Charlottetown Liberal MP Sean Casey said to the CBC there are good reasons to include replica firearms in Bill C-21, but he believes that the bill as it stands goes too far by saying "It isn't just the military-style assault replicas that are being banned by this bill; it's anything that resembles a firearm … An airsoft replica of a hunting rifle is banned, and that's wrong and that's overreaching." As the bill was going into the committee stage, he continued with "It's at that stage where those in the airsoft business will have an opportunity to come before the public safety committee to lay out their concerns, to suggest changes to make the bill better and quite frankly, I hope that their input will result in some common-sense changes to the bill."

In the months following, Conservative MP Ted Falk responded saying "This is silly and it does nothing to address real gun violence in Canada. Conservative MP Jeremy Patzer said "In all seriousness this is more than the Liberals being killjoys." Bloc Quebecois MP Kristina Michaud said "The governments approach is kind of "ad hoc" and we should look at alternatives rather than just banning everything overnight," continuing by saying "I agree the government must better supervise the sale of replica paintball (the bill would ban magazine fed paintball guns as well) and airsoft weapons but this can be done while respecting those who practice these activities safely. This bill is absolutely flawed."

With the Conservatives, NDP and Bloc Quebecois as a whole and even some Liberals completely opposing the ban, combined with the Liberal's still only holding a minority (with almost the exact same number of seats) after the 2021 snap election, the likelihood of airsoft being banned is unlikely but the chances of airsoft guns being more regulated in the future is still a strong possibility.

Chile
Chile recognized airsoft as a legal sport activity under Exempt Resolution No. 245 of 20 January 2011 by the National Institute of Sports.
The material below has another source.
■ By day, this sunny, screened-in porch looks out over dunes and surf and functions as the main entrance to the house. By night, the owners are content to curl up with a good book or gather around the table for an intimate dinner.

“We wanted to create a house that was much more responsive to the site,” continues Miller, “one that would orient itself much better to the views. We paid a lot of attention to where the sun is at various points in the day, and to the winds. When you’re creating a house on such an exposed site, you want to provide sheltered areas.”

Although airsoft replicas are not clearly regulated under Chilean gun law, modifying toy guns to use real ammunition and carrying an unconcealed weapon in a public area is illegal and punishable by law. There is currently no law that restricts who may acquire or use an airsoft gun. However, stores and sport clubs usually only permit their use or acquisition to individuals that are 18 years old or older.

China

In the People's Republic of China, despite the common belief that airsoft is outright banned, the official stance on airsoft is that it is technically just "tightly controlled". However, the control standards are so strict and the punishments are so heavy-handed, that involvement in the sport (regarded as "wargame" or "live action CS") is considered too impractical for common individuals in Mainland China.
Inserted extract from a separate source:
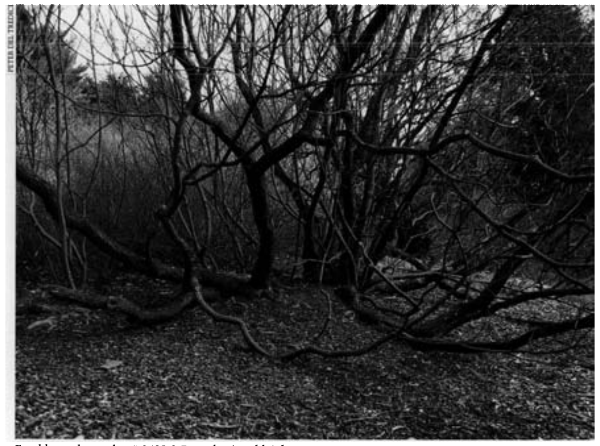
Franklinia alatamaha, # 2428-3-B, at the Arnold Arboretum.

The larger of the two plants (#2428-3-B) is now 21 feet (6.3m) tall by 53 feet (16m) wide and has eight more-or-less vertical "trunks" greater than 5 inches (12cm) in diameter (the largest is 7 inches, or 18cm). The smaller plant (#2428-3-A) is also 21 feet tall but just 30 feet (9m) wide, and has six stems larger than 5 inches in diameter. In the ranks of monumental trees, these are not

According to the "Identification Standards of Imitation Guns" (仿真枪认定标准) dictated by the Ministry of Public Security (the central coordinating agency of the Chinese police system) in 2008, a replica ("imitation") gun is recognized according to any one of the following criteria:
 Fulfils the firearm component parts stipulated by the Law of the People's Republic of China on Control of Guns, and shoots pellets of metal or other materials that has a muzzle-ratio kinetic energy (, the muzzle energy of a projectile divided by the internal/bore cross sectional area of the barrel that fired it) less than 1.8 J/cm2 and greater than 0.16 J/cm2 (equivalent to a single 0.20 gram, 6 mm airsoft pellet shot out at a muzzle velocity of 21.3 ~ 71.3 m/s or 70 ~ 234 fps, or kinetic energy of 0.045 ~ 0.51 J);
 Has external features of a firearm, as well as barrel, trigger, receiver or action mechanisms that are either materially or functionally similar to a service firearm;
 Has same or similar shape and color, as well as a size between 50 ~ 100% (later amended to "50 ~ 200 %" in 2011) of the corresponding real service firearm.
If a replica exceeds any single criterion, it will no longer be categorized as a replica/toy gun, but rather considered a real weapon, and therefore illegal to purchase and possess. Offenders can be judged as arms traffickers and subjected to penalties as high as capital punishment and life imprisonment.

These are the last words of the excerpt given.